## RECORDED DATA

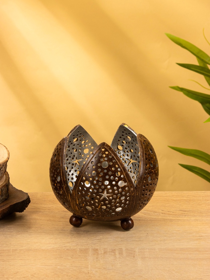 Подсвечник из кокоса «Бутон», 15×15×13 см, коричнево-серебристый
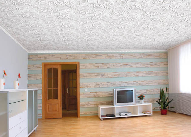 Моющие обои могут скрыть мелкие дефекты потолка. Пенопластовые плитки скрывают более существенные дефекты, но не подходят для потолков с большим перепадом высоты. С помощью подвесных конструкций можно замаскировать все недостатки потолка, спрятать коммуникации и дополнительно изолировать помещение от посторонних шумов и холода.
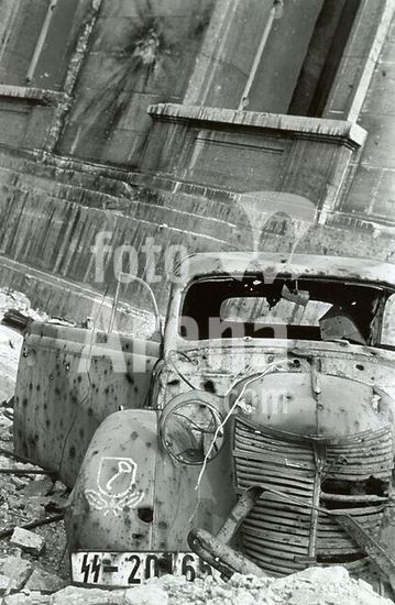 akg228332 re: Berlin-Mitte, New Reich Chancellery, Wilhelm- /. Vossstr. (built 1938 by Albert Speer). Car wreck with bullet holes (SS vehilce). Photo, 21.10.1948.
==
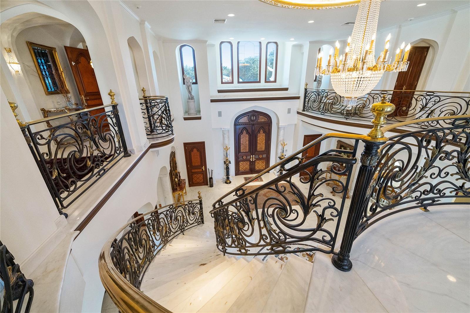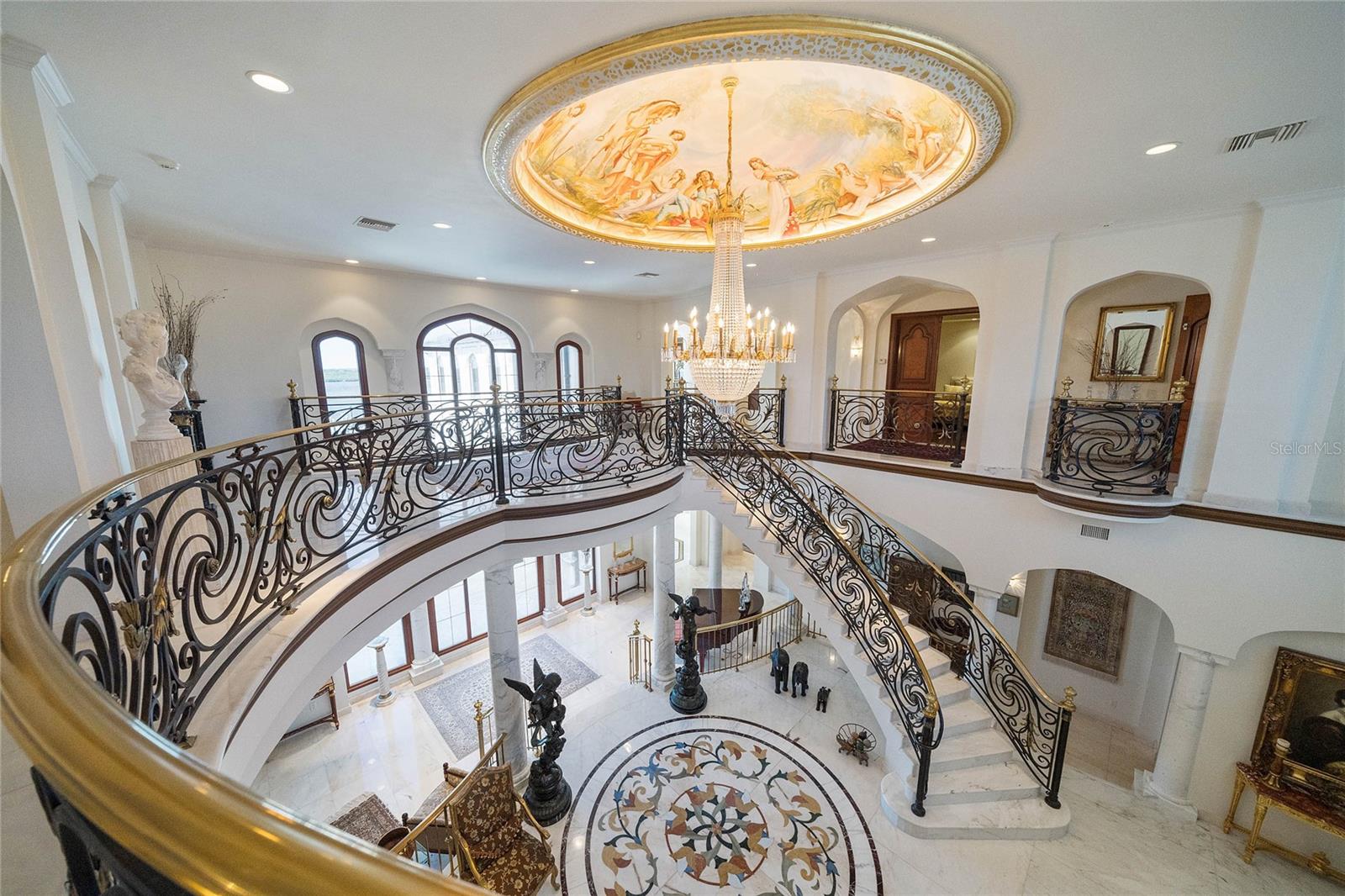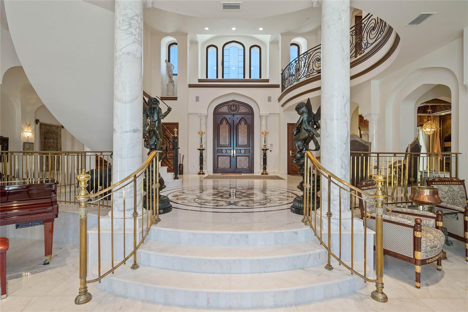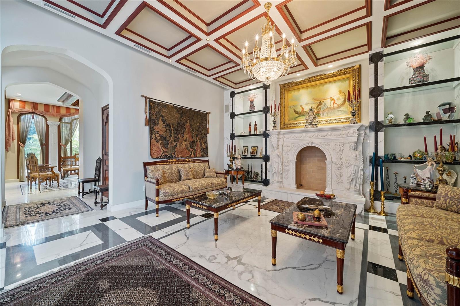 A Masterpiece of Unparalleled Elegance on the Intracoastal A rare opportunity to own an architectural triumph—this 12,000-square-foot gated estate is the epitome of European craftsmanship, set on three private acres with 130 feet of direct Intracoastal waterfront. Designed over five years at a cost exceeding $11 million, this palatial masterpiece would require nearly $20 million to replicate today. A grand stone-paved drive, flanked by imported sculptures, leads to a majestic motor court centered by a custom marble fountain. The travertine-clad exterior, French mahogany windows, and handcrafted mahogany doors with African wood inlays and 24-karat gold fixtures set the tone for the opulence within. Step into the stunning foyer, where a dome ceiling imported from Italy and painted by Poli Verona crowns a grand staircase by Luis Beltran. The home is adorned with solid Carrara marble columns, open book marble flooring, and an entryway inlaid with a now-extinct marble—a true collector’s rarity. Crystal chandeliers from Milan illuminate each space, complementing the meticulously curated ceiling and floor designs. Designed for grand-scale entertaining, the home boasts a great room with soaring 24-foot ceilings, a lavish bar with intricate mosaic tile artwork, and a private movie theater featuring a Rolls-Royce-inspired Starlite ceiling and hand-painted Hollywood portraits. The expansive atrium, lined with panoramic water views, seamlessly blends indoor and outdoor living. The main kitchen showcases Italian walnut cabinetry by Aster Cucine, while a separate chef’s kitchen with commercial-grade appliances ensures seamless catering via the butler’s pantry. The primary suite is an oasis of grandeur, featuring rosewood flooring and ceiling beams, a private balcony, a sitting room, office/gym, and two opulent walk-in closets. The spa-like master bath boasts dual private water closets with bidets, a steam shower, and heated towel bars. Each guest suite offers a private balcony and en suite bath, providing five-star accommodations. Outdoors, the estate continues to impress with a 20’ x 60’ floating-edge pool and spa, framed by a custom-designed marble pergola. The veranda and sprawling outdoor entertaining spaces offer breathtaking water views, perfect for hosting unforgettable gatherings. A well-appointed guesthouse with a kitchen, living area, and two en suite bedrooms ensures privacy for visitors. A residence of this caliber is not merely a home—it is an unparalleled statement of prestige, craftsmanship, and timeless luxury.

## YOUR TASK
Every line above between the one containing "Подсвечник из кокоса" and the one containing "akg228332 re: Berlin-Mitte, New", those two included, is to be printed exactly. No pictures go into the copy.

## EXPECTED OUTPUT
 Подсвечник из кокоса «Бутон», 15×15×13 см, коричнево-серебристый
 Моющие обои могут скрыть мелкие дефекты потолка. Пенопластовые плитки скрывают более существенные дефекты, но не подходят для потолков с большим перепадом высоты. С помощью подвесных конструкций можно замаскировать все недостатки потолка, спрятать коммуникации и дополнительно изолировать помещение от посторонних шумов и холода.
 akg228332 re: Berlin-Mitte, New Reich Chancellery, Wilhelm- /. Vossstr. (built 1938 by Albert Speer). Car wreck with bullet holes (SS vehilce). Photo, 21.10.1948.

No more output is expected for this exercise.